Han Tzu took six toothpicks out of the little dispenser that stood on the table against the wall, beside the soy sauce. Then he got up and went to the toilet.
He pulled the cap off the pen very carefully, so he didn't spill out the four feather-ended poison darts bunched in it. Then he unscrewed the top of the pen. There were four holes there, besides the central shaft that held the tube of ink. The mechanism was cleverly designed to rotate automatically with each discharge. A blow-gun revolver.
He loaded four toothpicks into the four slots. They fit loosely. Then he screwed the pen back together.
The fountain pen writing tip covered the hole where the darts would emerge. When he held the top of the pen in his mouth, the point of the writing tip served as the sighting device. Point and shoot.
Point and blow.
He blew.
The toothpick hit the back wall of the bathroom more or less where he was aiming, only a foot lower. Definitely a close-range weapon.
He used up the rest of the toothpicks learning how high to aim in order to hit a target six feet away. The room wasn't large enough for him to practice aiming at anything farther. Then he gathered up the toothpicks, threw them away, and carefully loaded the pen with the real darts, handling them only by the feathered part of the shaft.
Then he flushed the toilet and reentered the restaurant. No one was waiting for him. So he sat down and ordered and ate methodically. No reason to face the crisis of his life with an empty stomach and the food here wasn't bad.
He paid and walked out into the street. He would not go home. If he waited there to be arrested, he would have to deal with any number of low-level thugs who would not be worth wasting a dart on.
Instead, he flagged down a bicycle taxi and headed for the ministry of defense.
The place was as crowded as ever. Pathetically so, thought Han Tzu.
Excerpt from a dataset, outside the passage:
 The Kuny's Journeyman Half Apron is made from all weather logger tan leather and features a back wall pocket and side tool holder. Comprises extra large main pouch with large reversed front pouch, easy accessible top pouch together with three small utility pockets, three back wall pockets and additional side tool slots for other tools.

There was a reason for so many military bureaucrats a few years ago, when China was conquering Indochina and India, its millions of soldiers spread out to rule over a billion conquered people.
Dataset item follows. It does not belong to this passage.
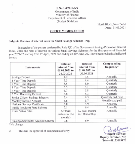 नई दिल्ली। छोटी बचत पर ब्याज दर में कटौती की गई है। सरकार ने बुधवार को घोषणा की है कि छोटी जमाओं पर भी वार्षिक ब्याज दर 4 फीसदी से घटाकर 3.5 फीसदी करने का फैसला लिया गया है। पर्सनल प्रोविडेंट फंड यानी PPF की ब्याज दर भी 7.1 से कम करके 6.4 प्रतिशत कर दिया गया है। इसके अलावा फिक्स्ड डिपॉजिट की ब्याज दरों में भी कटौती की गई है। देखें सूची…

But now, the government had direct control only over Manchuria and the northern part of Han China. Persians and Arabs and Indonesians administered martial law in the great port cities of the south, and large armies of Turks were poised in Inner Mongolia, ready to slice through Chinese defenses at a moment's notice. Another large Chinese army was isolated in Sichuan, forbidden by the government to surrender any portion of their troops, forcing them to sustain a multi-million-man force from the production of that single province. In effect, they were under siege, getting weaker---and more hated by the civilian population---all the time.